After the Roman Empire crumbled, the church was expected to pick up the chaos. The year 1000 was approaching and everyone thought the end of the world was near. Cathedrals tried to establish order through geometric details, and reminded its patrons about the oncoming judgment day through sculptural details of hell taking over the earth. Although the Roman empire was dying, it still was very influential in Christian architecture, the churches being described as "Romanesque".
But as the years crept by their was a lot of experimentation with structure, and even more so with surfaces. Their was an obsession with reaching heavenward through the height of a building, while creating as much light as possible through massive stained glassed windows. To support these buildings massive flying buttresses were attached for stability. These were the Gothic Style years, but each country had their own unique take on it. France, especially Normandy, had the most archetypal gothic style, and Germany played off this with subtle differences (often having one tower instead of two). England, being more isolated to the North, had its own distinct gothic style, its buildings often being more sprawling. Italy still clung to its Roman roots, and had a much more classical leaning, and also separated its church buildings. It is interesting that in a time referred to as the "dark ages," such innovative architecture that was light-filled, intrinsically detailed and taller than ever before.

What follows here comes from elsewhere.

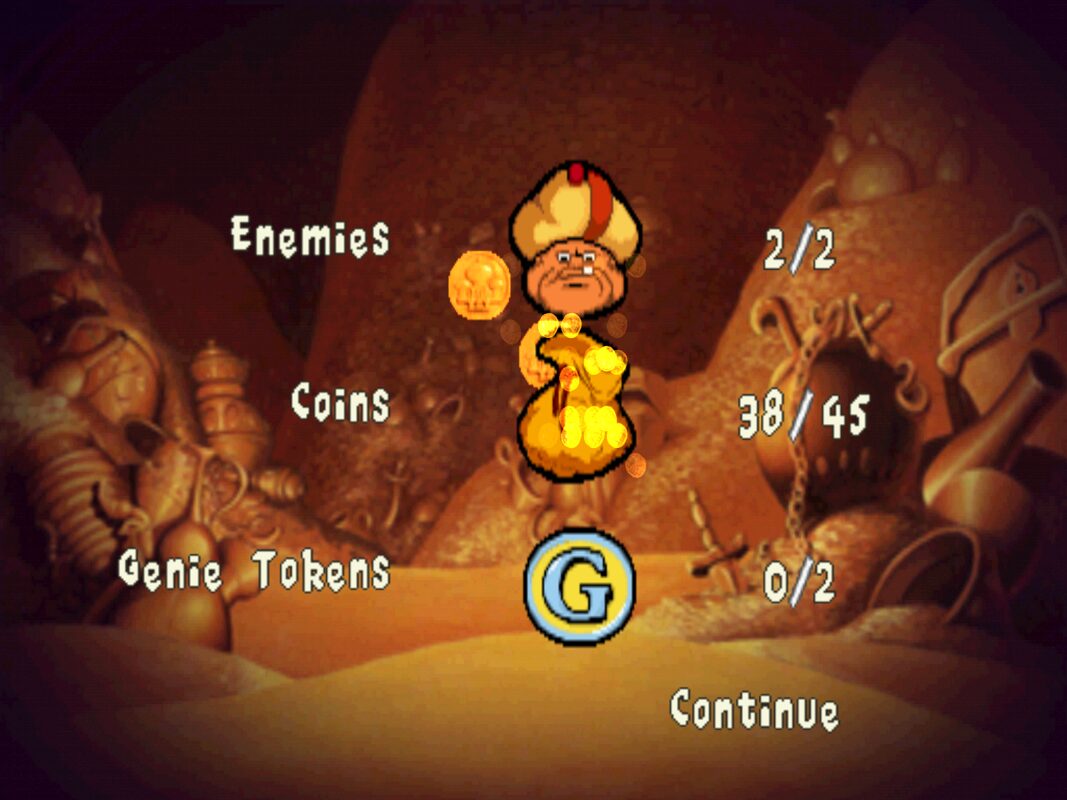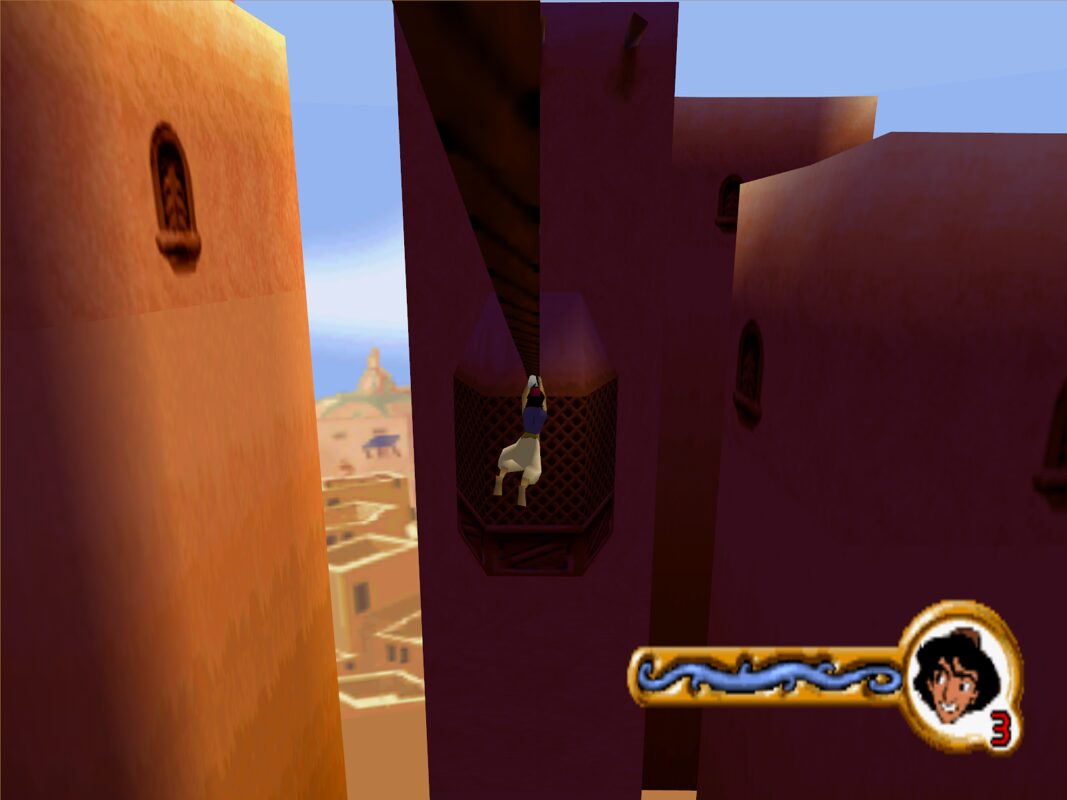 Special effects—such as the Genie’s magic, flame bursts in lava stages, or sandstorms in the desert—are executed with flair. Stage transitions are seamless, and subtle flourishes like billowing flags or drifting lanterns add atmosphere. For fans of the Disney aesthetic, the game’s visuals offer a pleasing blend of cartoon charm and early-3D polish.
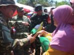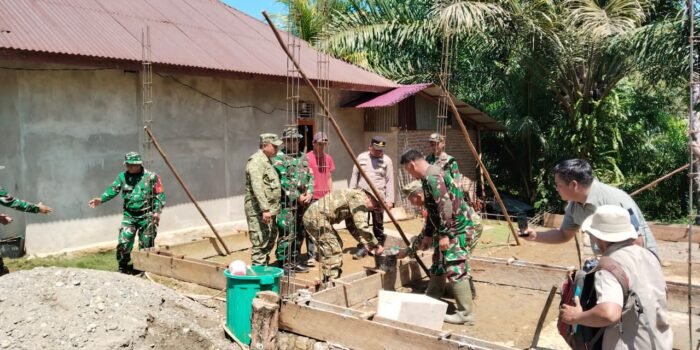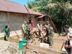 ACEH BARAT – Babinsa Koramil 10/Woyla Barat akofim 0105/Aceh Barat, Serda Ari Mulyadi bersama masyarakat melakukan gotong royong dalam pembanguan Masjid Darul Salami yang terletak di Desa Alue Perman Kecamatan

Starting in the 1400s there were a lot of new discoveries. The printing press, America, the reformation all contributed to this idea of a "rebirth." The Renaissance was all about reviving the ancient world. The buildings were still here but none of the rules were written down, so during this era books and books were written detailing these Greek and Roman masterpieces. But imitating buildings can only entertain a designer for so long, and soon the best designers became the one that started to twist and even break these rules. Palladio was an incredibly influential designer who is famous for "using the sacred for the profane." His homes were very classical, but never before had the front of a temple been used on a private home. Interest in design began to move beyond the home and out into the yard. Houses were designed wide and one room wide to help control the landscape, and later elaborate, painfully planned gardens became customary to any mansion.
This push for expanding outside of the classical box led to the Baroque period. The Baroque period was all about creating drama through excess and light. From the smallest scale to an entire city, it was all about theatre. Through all the undulating stone carvings, movement was created, from the spanish steps to bernini's baldacchino. While the Renaissance was about rationality, the Baroque lavished on emotionality. These alternatives become the foundation of the revolutionary cycle of architecture. After a political or social reform, their will be a revival of the previous generations' style, "going out of the box" could mean back to basics or experimenting with something completely new.